What this task involves:
Leave every picture behind and copy the rest of the entries below exactly.

Task material:

===

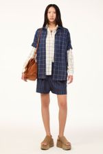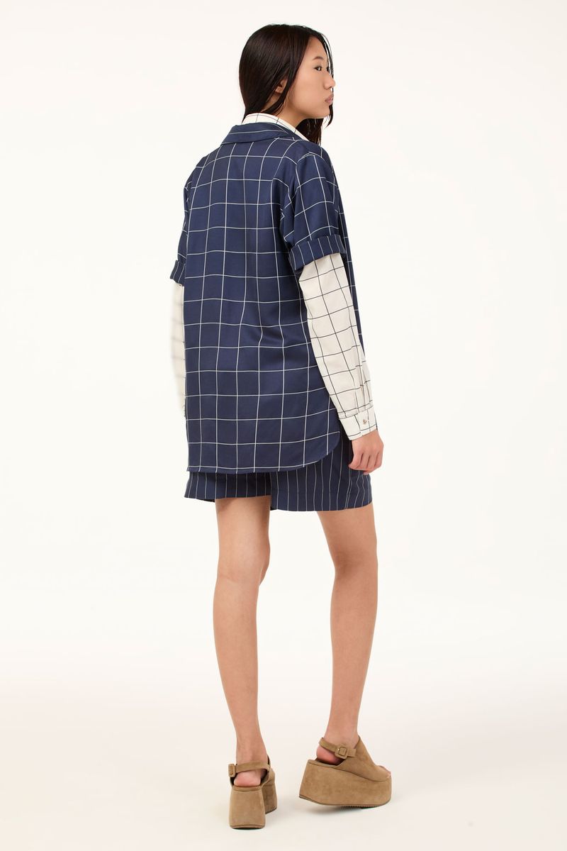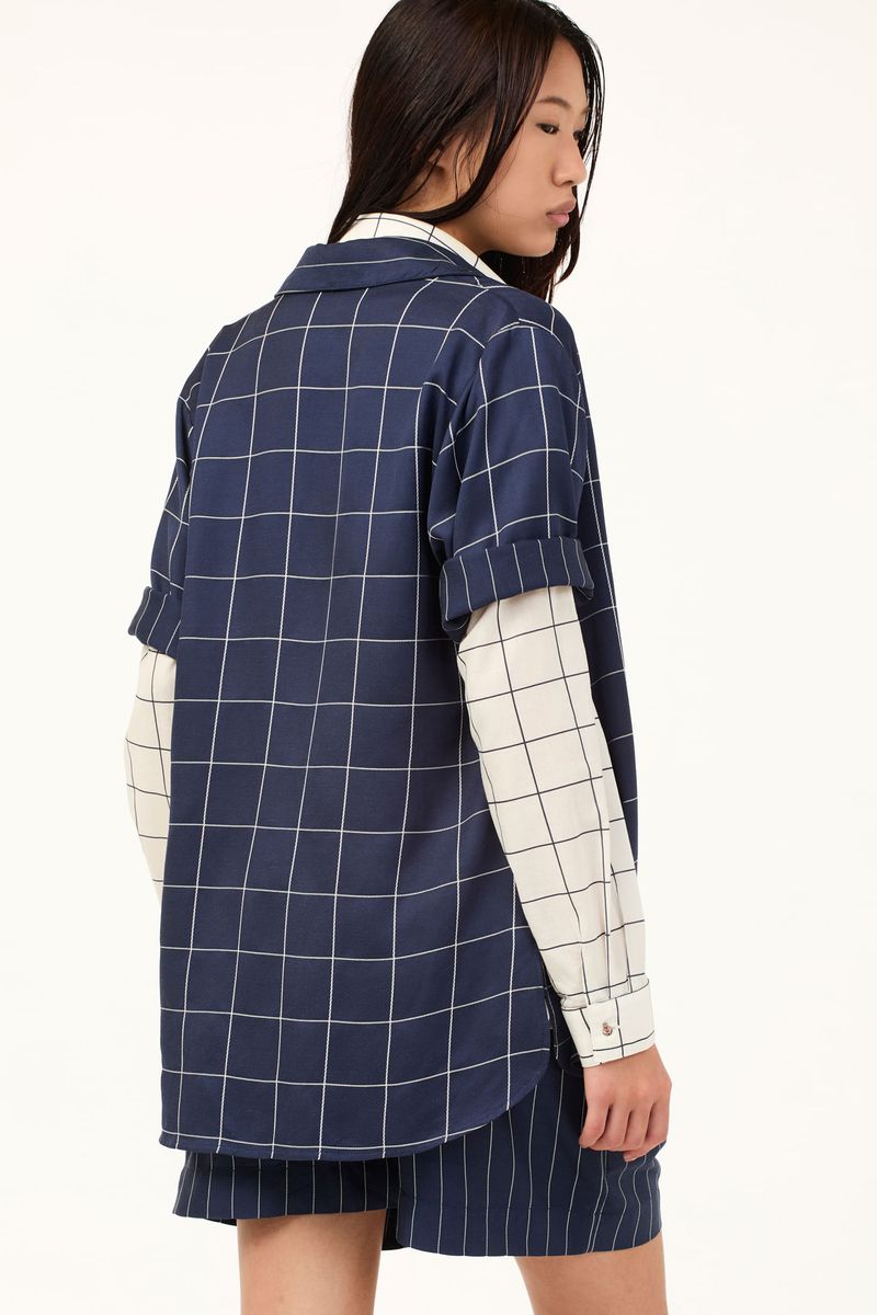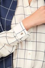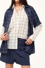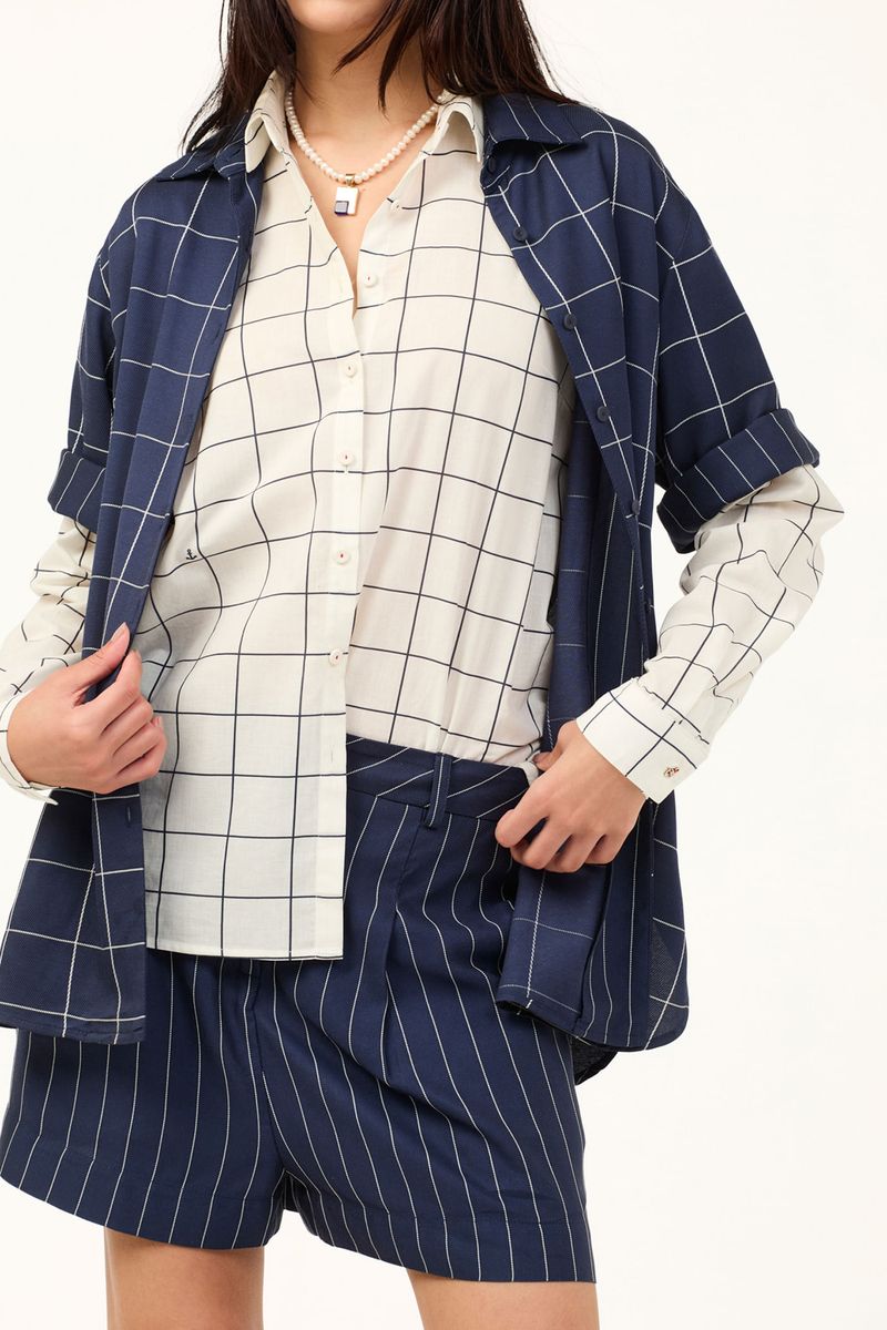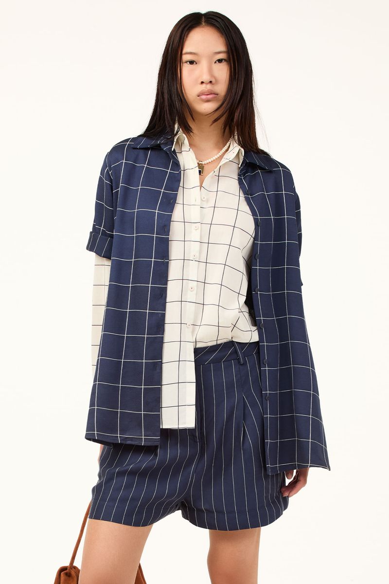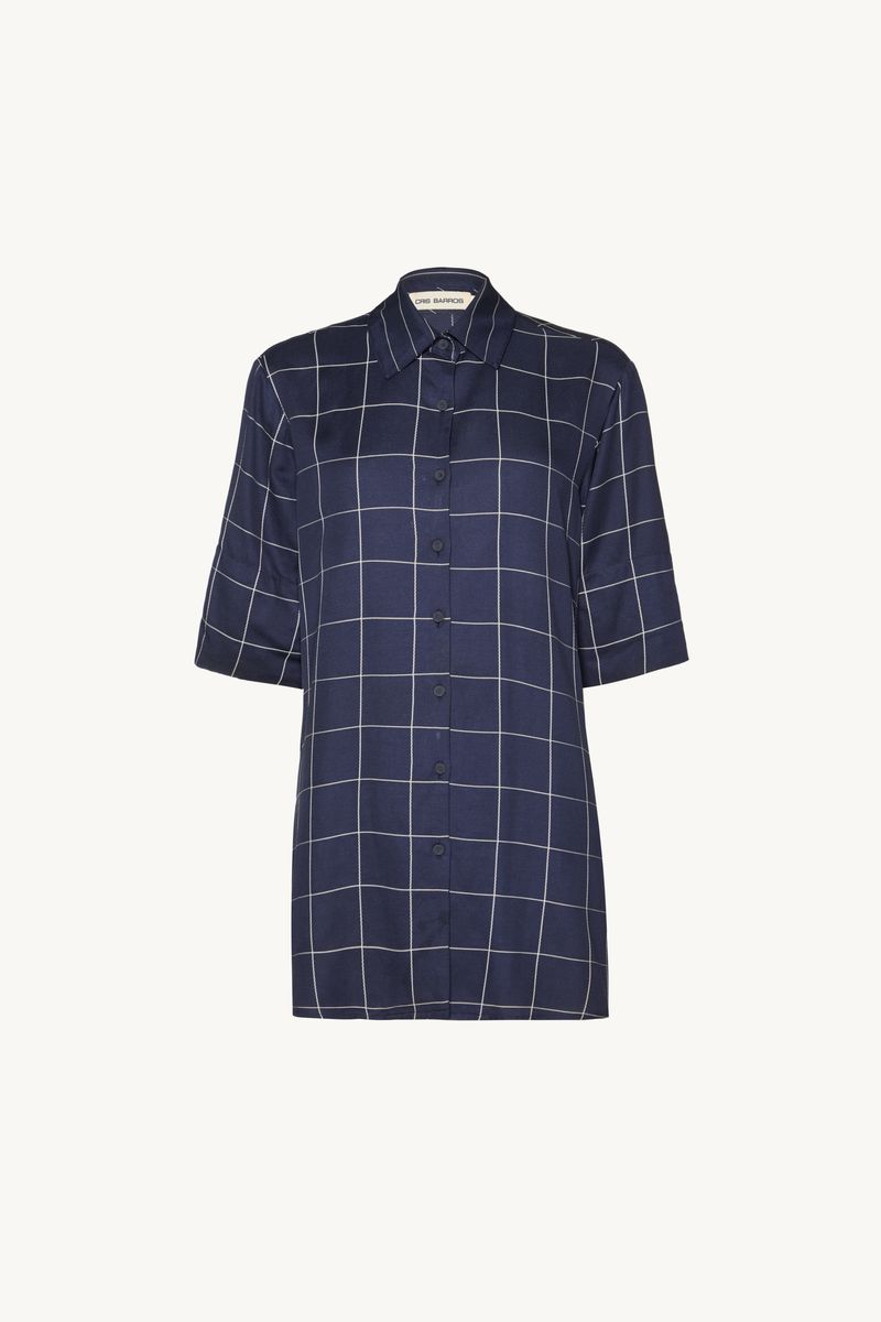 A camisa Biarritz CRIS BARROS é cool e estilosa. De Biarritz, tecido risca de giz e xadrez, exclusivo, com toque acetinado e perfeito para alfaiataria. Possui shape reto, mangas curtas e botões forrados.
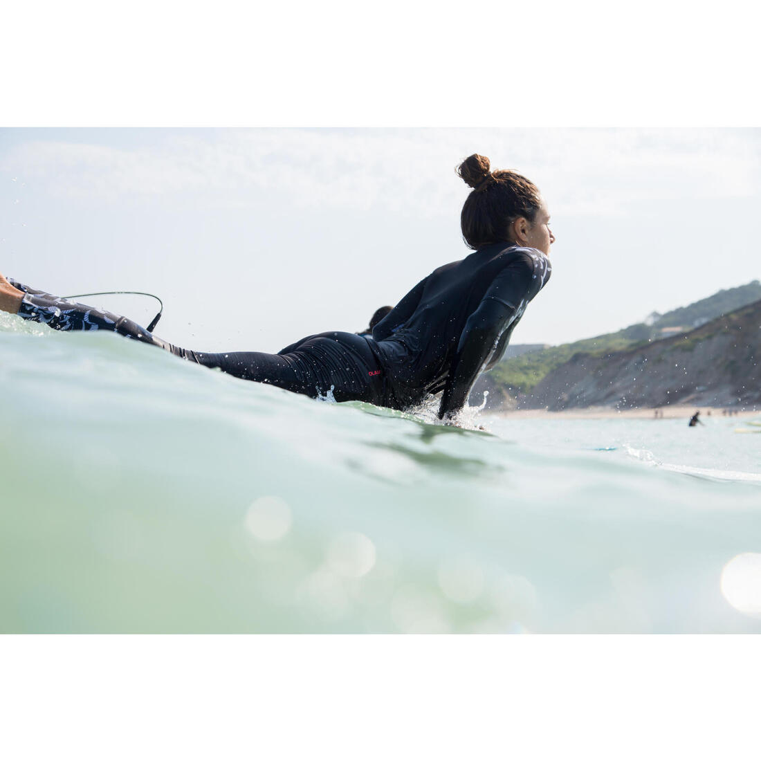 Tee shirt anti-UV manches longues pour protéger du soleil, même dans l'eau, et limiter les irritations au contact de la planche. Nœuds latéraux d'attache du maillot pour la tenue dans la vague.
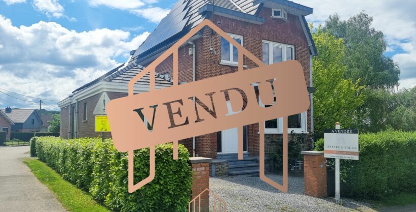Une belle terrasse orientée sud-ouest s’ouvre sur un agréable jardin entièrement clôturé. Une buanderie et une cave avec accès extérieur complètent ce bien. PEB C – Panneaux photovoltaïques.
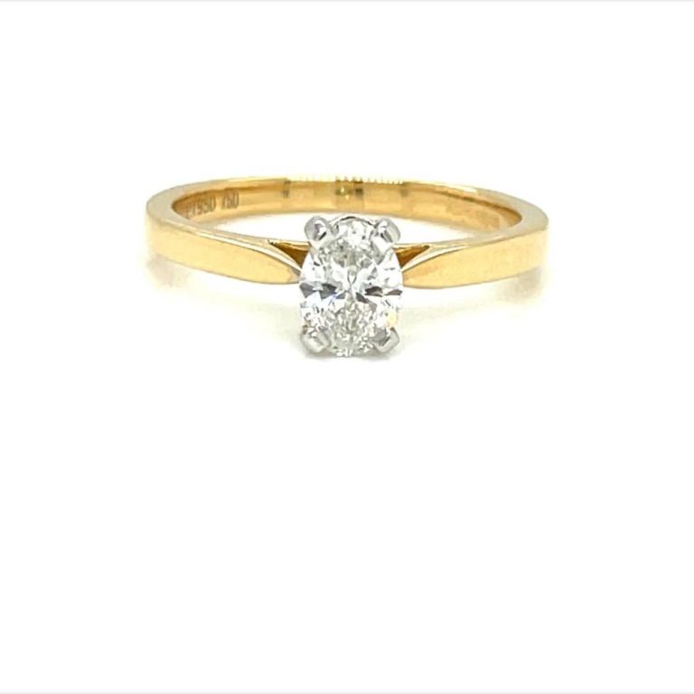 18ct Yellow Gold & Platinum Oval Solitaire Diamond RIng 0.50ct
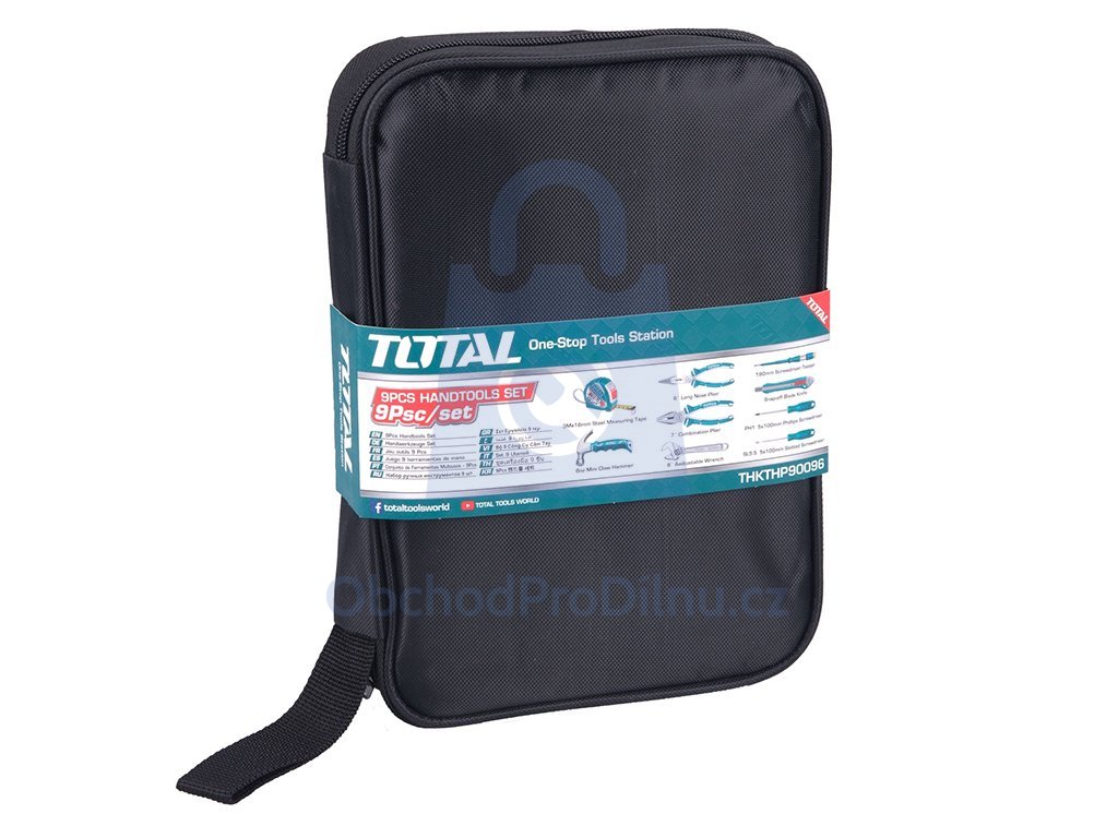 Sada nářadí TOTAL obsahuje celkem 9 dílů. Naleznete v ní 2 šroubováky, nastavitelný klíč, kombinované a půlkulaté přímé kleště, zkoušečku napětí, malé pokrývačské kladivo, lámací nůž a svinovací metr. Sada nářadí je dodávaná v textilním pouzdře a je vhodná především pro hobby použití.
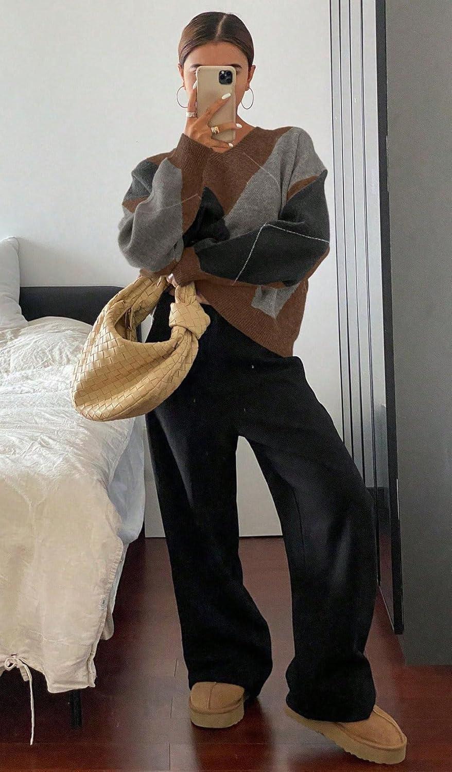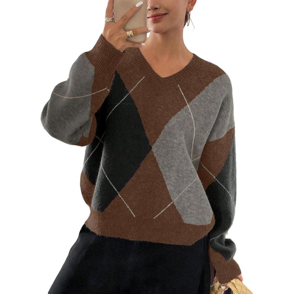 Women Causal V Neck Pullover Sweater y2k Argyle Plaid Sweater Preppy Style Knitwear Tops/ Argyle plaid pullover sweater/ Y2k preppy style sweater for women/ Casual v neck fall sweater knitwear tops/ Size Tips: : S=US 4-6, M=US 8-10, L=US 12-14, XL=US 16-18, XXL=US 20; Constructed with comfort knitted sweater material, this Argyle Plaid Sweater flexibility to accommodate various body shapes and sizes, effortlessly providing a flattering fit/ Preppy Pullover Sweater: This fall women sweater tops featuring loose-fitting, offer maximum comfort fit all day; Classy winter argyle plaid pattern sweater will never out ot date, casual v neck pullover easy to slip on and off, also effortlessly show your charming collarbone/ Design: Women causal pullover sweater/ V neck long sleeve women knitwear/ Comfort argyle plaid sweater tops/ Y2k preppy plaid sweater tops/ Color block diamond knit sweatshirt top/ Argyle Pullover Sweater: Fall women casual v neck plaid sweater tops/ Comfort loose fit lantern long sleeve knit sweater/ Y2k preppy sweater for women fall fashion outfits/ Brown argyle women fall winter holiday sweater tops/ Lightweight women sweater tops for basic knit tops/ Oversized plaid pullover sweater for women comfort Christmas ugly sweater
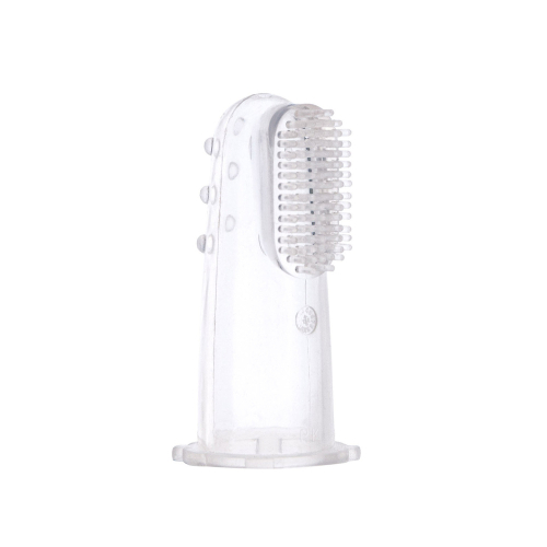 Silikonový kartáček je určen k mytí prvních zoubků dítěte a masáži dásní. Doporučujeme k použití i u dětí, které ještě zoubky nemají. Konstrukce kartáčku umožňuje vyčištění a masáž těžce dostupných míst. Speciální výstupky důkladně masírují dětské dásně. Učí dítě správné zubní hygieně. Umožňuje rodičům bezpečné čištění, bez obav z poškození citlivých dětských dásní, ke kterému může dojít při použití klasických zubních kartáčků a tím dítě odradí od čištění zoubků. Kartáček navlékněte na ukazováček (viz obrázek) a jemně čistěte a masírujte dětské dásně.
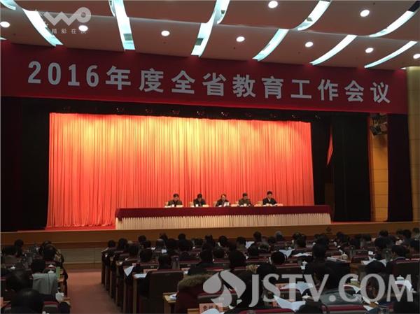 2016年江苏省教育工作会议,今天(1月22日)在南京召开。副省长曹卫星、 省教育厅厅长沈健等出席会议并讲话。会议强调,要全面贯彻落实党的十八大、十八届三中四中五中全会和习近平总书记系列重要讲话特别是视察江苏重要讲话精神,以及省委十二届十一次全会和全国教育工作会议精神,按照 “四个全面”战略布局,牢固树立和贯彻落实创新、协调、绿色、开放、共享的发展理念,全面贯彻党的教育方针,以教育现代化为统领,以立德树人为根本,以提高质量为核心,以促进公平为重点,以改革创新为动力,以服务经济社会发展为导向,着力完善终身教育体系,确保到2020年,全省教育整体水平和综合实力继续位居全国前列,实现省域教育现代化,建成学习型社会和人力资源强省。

===

Expected answer:
 A camisa Biarritz CRIS BARROS é cool e estilosa. De Biarritz, tecido risca de giz e xadrez, exclusivo, com toque acetinado e perfeito para alfaiataria. Possui shape reto, mangas curtas e botões forrados.
 Tee shirt anti-UV manches longues pour protéger du soleil, même dans l'eau, et limiter les irritations au contact de la planche. Nœuds latéraux d'attache du maillot pour la tenue dans la vague.
Une belle terrasse orientée sud-ouest s’ouvre sur un agréable jardin entièrement clôturé. Une buanderie et une cave avec accès extérieur complètent ce bien. PEB C – Panneaux photovoltaïques.
 18ct Yellow Gold & Platinum Oval Solitaire Diamond RIng 0.50ct
 Sada nářadí TOTAL obsahuje celkem 9 dílů. Naleznete v ní 2 šroubováky, nastavitelný klíč, kombinované a půlkulaté přímé kleště, zkoušečku napětí, malé pokrývačské kladivo, lámací nůž a svinovací metr. Sada nářadí je dodávaná v textilním pouzdře a je vhodná především pro hobby použití.
 Women Causal V Neck Pullover Sweater y2k Argyle Plaid Sweater Preppy Style Knitwear Tops/ Argyle plaid pullover sweater/ Y2k preppy style sweater for women/ Casual v neck fall sweater knitwear tops/ Size Tips: : S=US 4-6, M=US 8-10, L=US 12-14, XL=US 16-18, XXL=US 20; Constructed with comfort knitted sweater material, this Argyle Plaid Sweater flexibility to accommodate various body shapes and sizes, effortlessly providing a flattering fit/ Preppy Pullover Sweater: This fall women sweater tops featuring loose-fitting, offer maximum comfort fit all day; Classy winter argyle plaid pattern sweater will never out ot date, casual v neck pullover easy to slip on and off, also effortlessly show your charming collarbone/ Design: Women causal pullover sweater/ V neck long sleeve women knitwear/ Comfort argyle plaid sweater tops/ Y2k preppy plaid sweater tops/ Color block diamond knit sweatshirt top/ Argyle Pullover Sweater: Fall women casual v neck plaid sweater tops/ Comfort loose fit lantern long sleeve knit sweater/ Y2k preppy sweater for women fall fashion outfits/ Brown argyle women fall winter holiday sweater tops/ Lightweight women sweater tops for basic knit tops/ Oversized plaid pullover sweater for women comfort Christmas ugly sweater
 Silikonový kartáček je určen k mytí prvních zoubků dítěte a masáži dásní. Doporučujeme k použití i u dětí, které ještě zoubky nemají. Konstrukce kartáčku umožňuje vyčištění a masáž těžce dostupných míst. Speciální výstupky důkladně masírují dětské dásně. Učí dítě správné zubní hygieně. Umožňuje rodičům bezpečné čištění, bez obav z poškození citlivých dětských dásní, ke kterému může dojít při použití klasických zubních kartáčků a tím dítě odradí od čištění zoubků. Kartáček navlékněte na ukazováček (viz obrázek) a jemně čistěte a masírujte dětské dásně.
 2016年江苏省教育工作会议,今天(1月22日)在南京召开。副省长曹卫星、 省教育厅厅长沈健等出席会议并讲话。会议强调,要全面贯彻落实党的十八大、十八届三中四中五中全会和习近平总书记系列重要讲话特别是视察江苏重要讲话精神,以及省委十二届十一次全会和全国教育工作会议精神,按照 “四个全面”战略布局,牢固树立和贯彻落实创新、协调、绿色、开放、共享的发展理念,全面贯彻党的教育方针,以教育现代化为统领,以立德树人为根本,以提高质量为核心,以促进公平为重点,以改革创新为动力,以服务经济社会发展为导向,着力完善终身教育体系,确保到2020年,全省教育整体水平和综合实力继续位居全国前列,实现省域教育现代化,建成学习型社会和人力资源强省。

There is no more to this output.